[Records contained in a dataset]
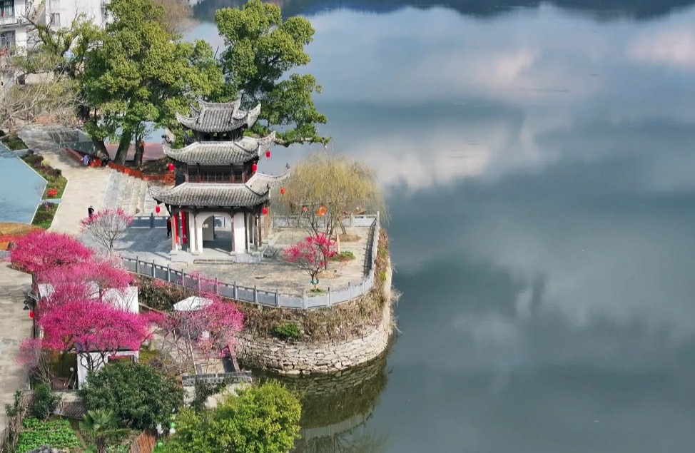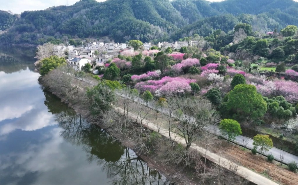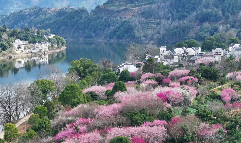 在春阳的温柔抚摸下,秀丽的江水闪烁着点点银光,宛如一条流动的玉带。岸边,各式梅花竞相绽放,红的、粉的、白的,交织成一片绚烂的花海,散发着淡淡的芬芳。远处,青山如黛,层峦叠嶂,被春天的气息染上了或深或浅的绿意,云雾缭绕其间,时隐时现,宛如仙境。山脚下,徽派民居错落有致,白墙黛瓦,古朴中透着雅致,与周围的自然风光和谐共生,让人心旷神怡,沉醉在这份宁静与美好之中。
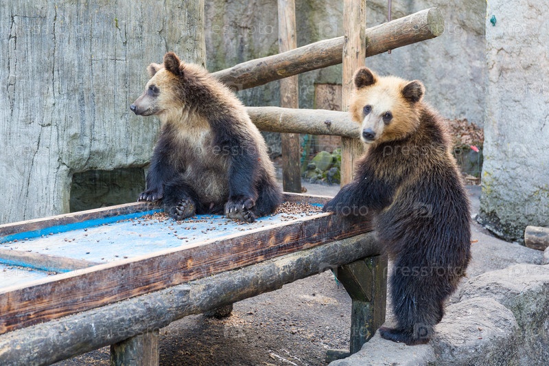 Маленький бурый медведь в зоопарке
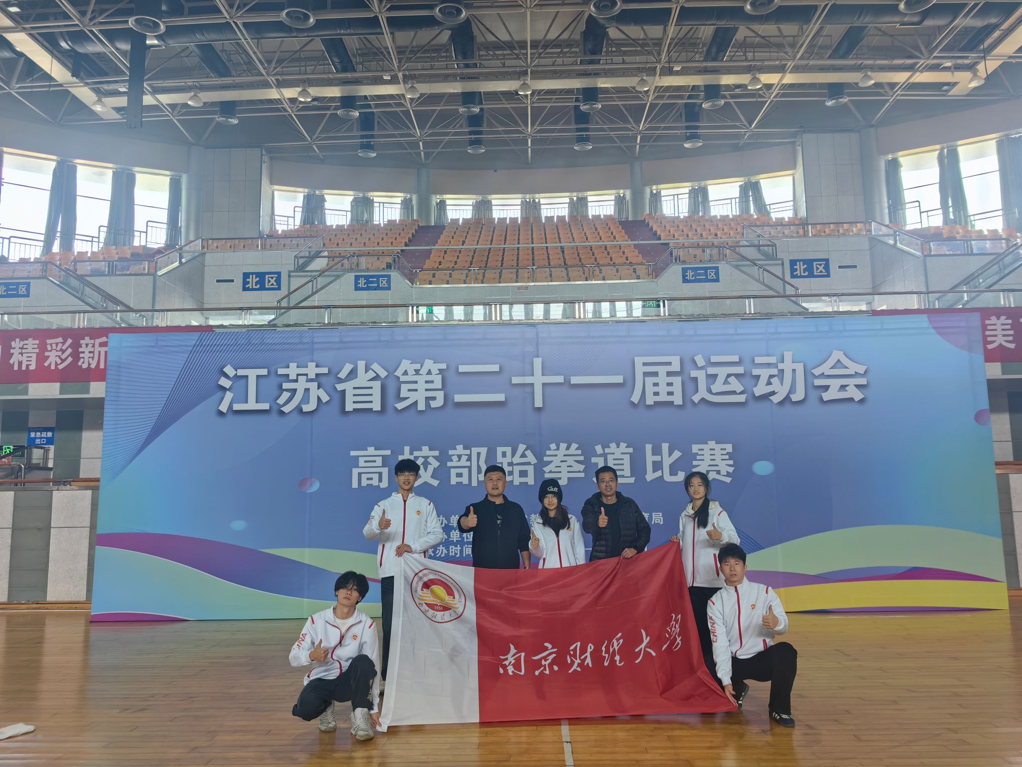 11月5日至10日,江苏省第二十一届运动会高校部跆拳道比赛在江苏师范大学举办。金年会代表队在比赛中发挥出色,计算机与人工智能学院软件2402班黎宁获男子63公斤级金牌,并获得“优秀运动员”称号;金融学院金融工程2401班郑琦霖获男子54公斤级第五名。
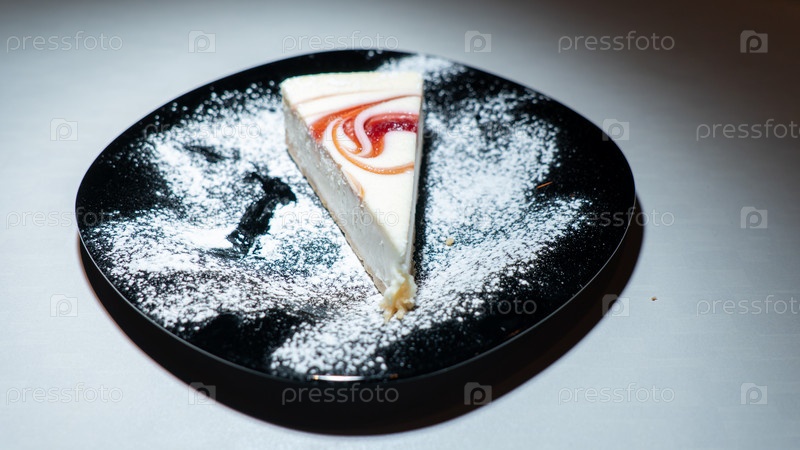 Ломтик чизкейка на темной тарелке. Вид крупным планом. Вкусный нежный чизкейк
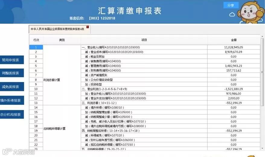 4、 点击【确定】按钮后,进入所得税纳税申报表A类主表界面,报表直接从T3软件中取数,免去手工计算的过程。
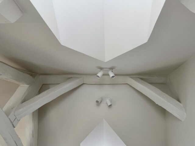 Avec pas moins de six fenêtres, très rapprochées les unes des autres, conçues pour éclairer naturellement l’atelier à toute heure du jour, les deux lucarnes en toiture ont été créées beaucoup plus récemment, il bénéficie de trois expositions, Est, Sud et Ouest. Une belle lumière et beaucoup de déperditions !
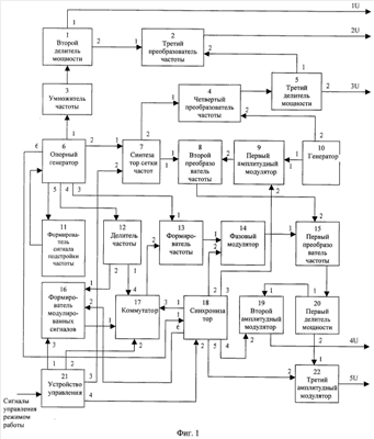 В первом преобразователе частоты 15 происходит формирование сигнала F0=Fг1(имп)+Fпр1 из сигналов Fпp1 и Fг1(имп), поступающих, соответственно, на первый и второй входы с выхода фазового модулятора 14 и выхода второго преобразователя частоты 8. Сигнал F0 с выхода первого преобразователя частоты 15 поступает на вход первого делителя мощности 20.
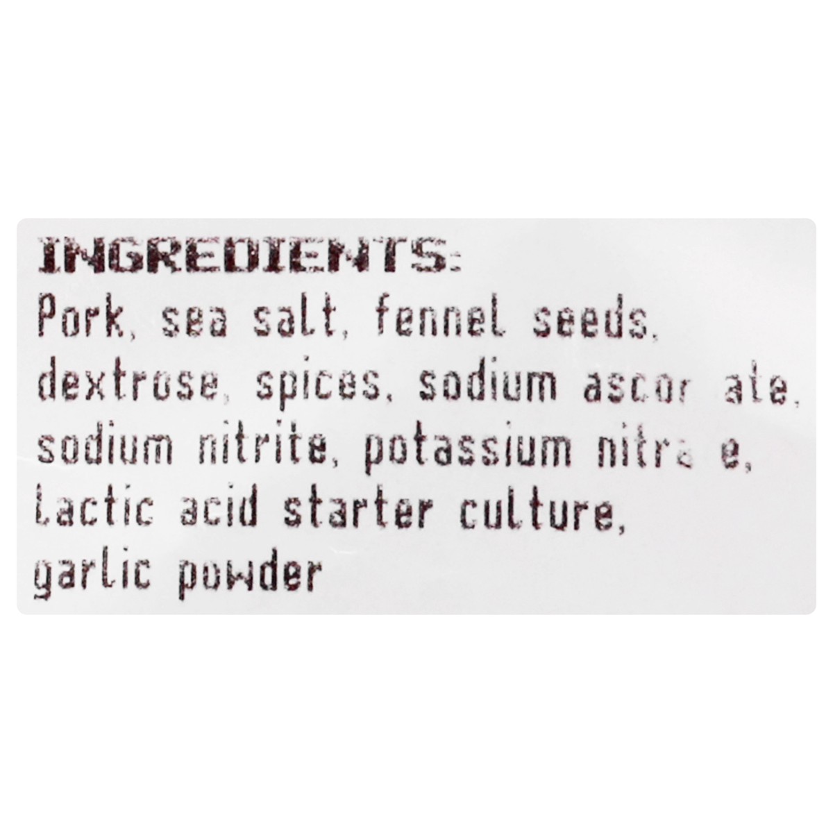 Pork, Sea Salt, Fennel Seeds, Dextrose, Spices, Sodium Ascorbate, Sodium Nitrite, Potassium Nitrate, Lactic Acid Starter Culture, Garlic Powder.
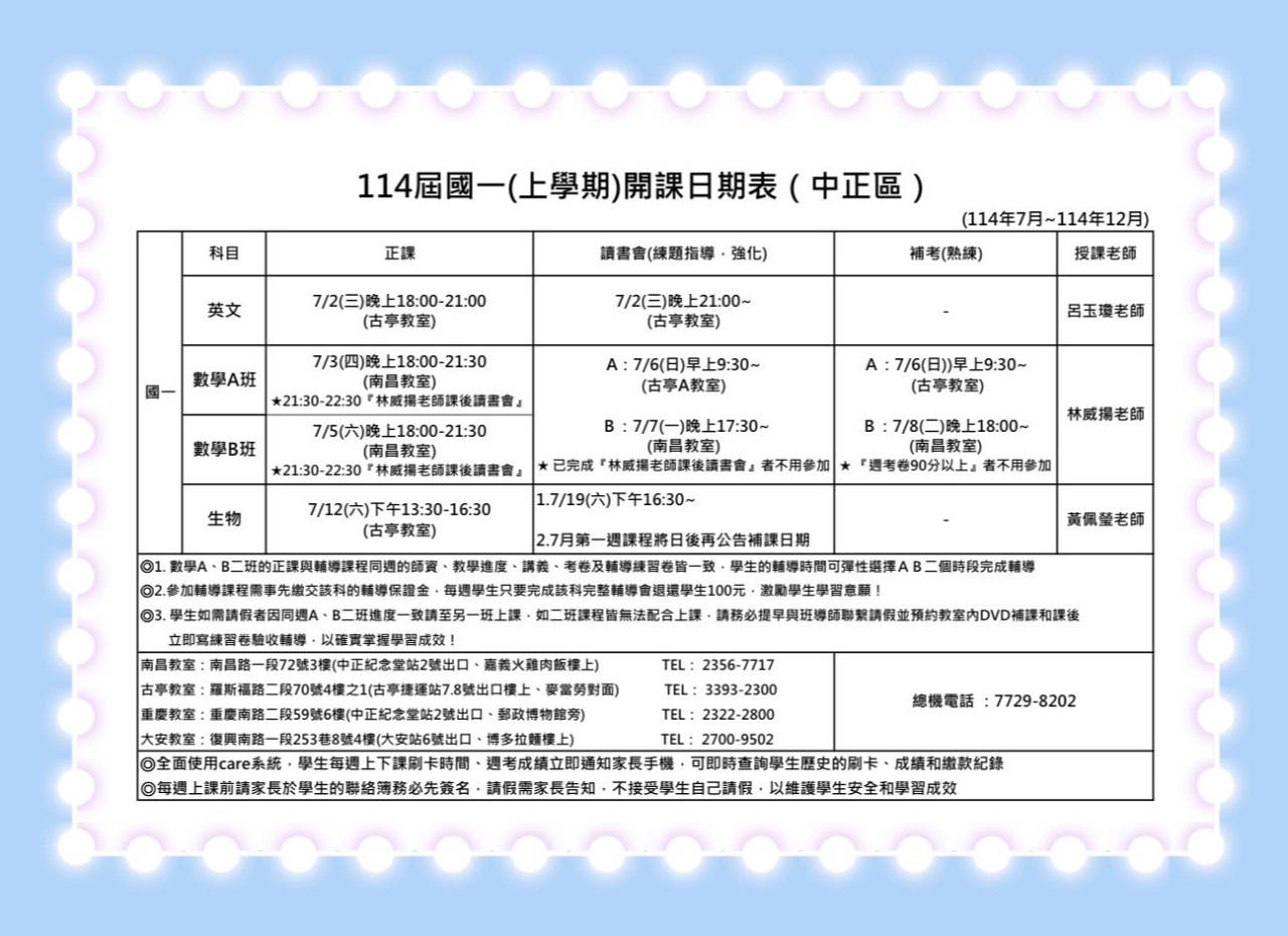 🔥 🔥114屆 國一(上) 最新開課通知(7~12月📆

WORK INSTRUCTIONS —
Once you reach the line containing "Маленький бурый медведь в зоопарке", print it and every line after it exactly, through the end of the entries, without any pictures.

OUTPUT OF THE EXERCISE —
 Маленький бурый медведь в зоопарке
 11月5日至10日,江苏省第二十一届运动会高校部跆拳道比赛在江苏师范大学举办。金年会代表队在比赛中发挥出色,计算机与人工智能学院软件2402班黎宁获男子63公斤级金牌,并获得“优秀运动员”称号;金融学院金融工程2401班郑琦霖获男子54公斤级第五名。
 Ломтик чизкейка на темной тарелке. Вид крупным планом. Вкусный нежный чизкейк
 4、 点击【确定】按钮后,进入所得税纳税申报表A类主表界面,报表直接从T3软件中取数,免去手工计算的过程。
 Avec pas moins de six fenêtres, très rapprochées les unes des autres, conçues pour éclairer naturellement l’atelier à toute heure du jour, les deux lucarnes en toiture ont été créées beaucoup plus récemment, il bénéficie de trois expositions, Est, Sud et Ouest. Une belle lumière et beaucoup de déperditions !
 В первом преобразователе частоты 15 происходит формирование сигнала F0=Fг1(имп)+Fпр1 из сигналов Fпp1 и Fг1(имп), поступающих, соответственно, на первый и второй входы с выхода фазового модулятора 14 и выхода второго преобразователя частоты 8. Сигнал F0 с выхода первого преобразователя частоты 15 поступает на вход первого делителя мощности 20.
 Pork, Sea Salt, Fennel Seeds, Dextrose, Spices, Sodium Ascorbate, Sodium Nitrite, Potassium Nitrate, Lactic Acid Starter Culture, Garlic Powder.
 🔥 🔥114屆 國一(上) 最新開課通知(7~12月📆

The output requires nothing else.